La muerte del cantante es también una especie de culminación de la historia triste de la heroína durante los años ochenta y noventa en España, que castigó con dureza los barrios más desfavorecidos y desempeñó también un papel destacable en el centro de Madrid. Hoy hemos querido mirar con respeto aquel tiempo de las heridas, aún algunas abiertas, causadas por la droga en Malasaña.
Las calles llenas de yonkis
Las calles llenas de yonkisyonkis
En la segunda mitad de los setenta Malasaña –en su tránsito de Maravillas a su nueva identidad– era territorio en conflicto. En las elecciones generales de junio de 1977, más de un 60% de los vecinos había votado a UCD y AP y, a la vez, el lugar se convirtió en epicentro de la Movida y de la contracultura, con una actividad política a la izquierda de la tendencia y un movimiento vecinal, crecido alrededor de la lucha contra el Plan Malasaña, que pretendía acabar con el barrio tal y como se conocía piqueta mediante.

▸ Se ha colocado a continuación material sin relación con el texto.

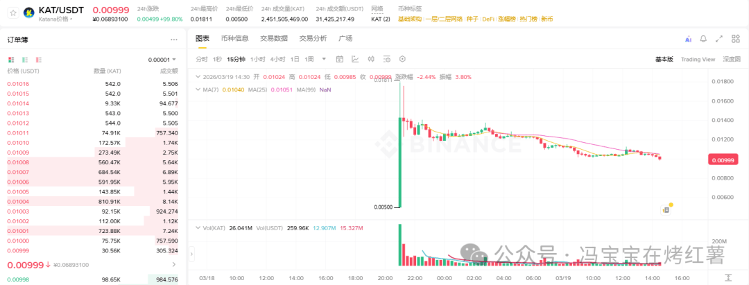 KAT这波真是跌穿0.01了,上了币安和OKX现货也就这表现。让心存幻想没清仓的错付了,这届项目方确实有点烂。

A la vez, y tras la muerte del dictador, comenzó un fenómeno que ya no abandonaría Malasaña hasta hoy: a los vecinos que vivían en sus cuartos históricos habrá que sumar a los que llegaban a disfrutar de los locales de ocio por la noche, unos locales que, por aquel entonces, abrían pronto, en torno a las 19 horas.
Esta nueva idiosincrasia como territorio constantemente en mutación le dio a Malasaña halo, interés y abono cultural; también, era peaje, conflicto. Ya en los últimos setenta, parte del vecindario empezó a percibir un problema de inseguridad en sus calles, con quejas vehiculizadas por asociaciones como la Unión de Vecinos de Malasaña.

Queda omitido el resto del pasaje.